I am intended to make a program structure like below

Program Structure

PS1 is a python program persistently running. PC1, PC2, PC3 are client python programs. PS1 has a variable hashtable, whenever PC1, PC2... asks for the hashtable the PS1 will pass it to them.

The intention is to keep the table in memory since it is a huge variable (takes 10G memory) and it is expensive to calculate it every time. It is not feasible to store it in the hard disk (using pickle or json) and read it every time when it is needed. The read just takes too long.
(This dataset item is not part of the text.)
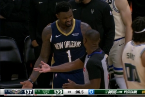 GIF-錫安關(guān)鍵一攻運球脫手后撞倒科菲再度被吹進攻犯規(guī)
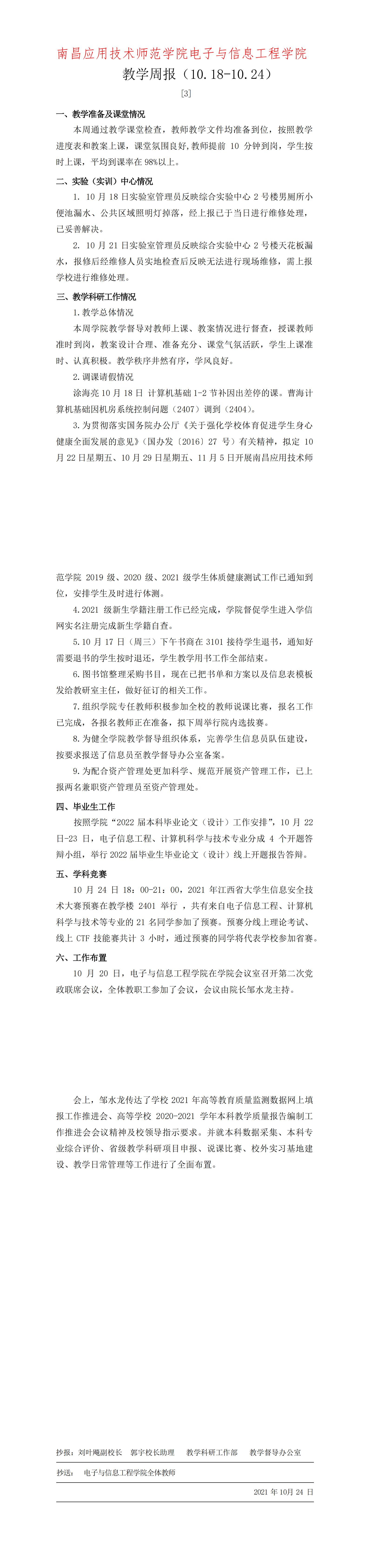 首页栏目 学院新闻 学院公告 学生工作 您现在的位置是:首页 > 首页栏目 > 学院公告 学院教学周报【3】号 管理员2021-10-24649 上一篇 学院教学周报【2】号 下一篇 电子与信息工程学院2025-2026学年普通高等学校国家助学金受助学生名单公示

So I was wondering if there is a way to keep a python variable persistently in the memory, so it can be used very fast whenever it is needed.

Mark Tolonen
  • 166,664
  • 26
  • 169
  • 251
Peter XU
  • 63
  • 15
  • 2
    Store it in a database? That's exactly what databases are used for. An alternative is to allocate shared memory for the variable and let other python processes to access it. – DYZ Jan 25 '17 at 05:36
  • 1
    Have you considered using a database? When you say "10 GB hashtable", my first thought is "MongoDB" (or similar key-value store setup). Passing around 10 GB hash tables seems wholly unnecessary. – ShadowRanger Jan 25 '17 at 05:39
  • 1
    http://stackoverflow.com/questions/6832554/python-multiprocessing-how-do-i-share-a-dict-among-multiple-processes – John Zwinck Jan 25 '17 at 05:45
  • http://stackoverflow.com/questions/9856196/sharing-a-variable-between-processes – Chandan Rai Jan 25 '17 at 05:49
  • @DYZ the HashTable maybe not the right way to refer the variable, it is a two-dimensional array. PCs need every value of it, so database seems not a good way since extracting every value from database is not fast to my understanding. – Peter XU Jan 25 '17 at 06:13
  • Then, shared memory (possibly through mempry-mapped files https://docs.python.org/3.5/library/mmap.html). – DYZ Jan 25 '17 at 06:15

2 Answers2

1

You are trying to reinvent a square wheel, when nice round wheels already exist!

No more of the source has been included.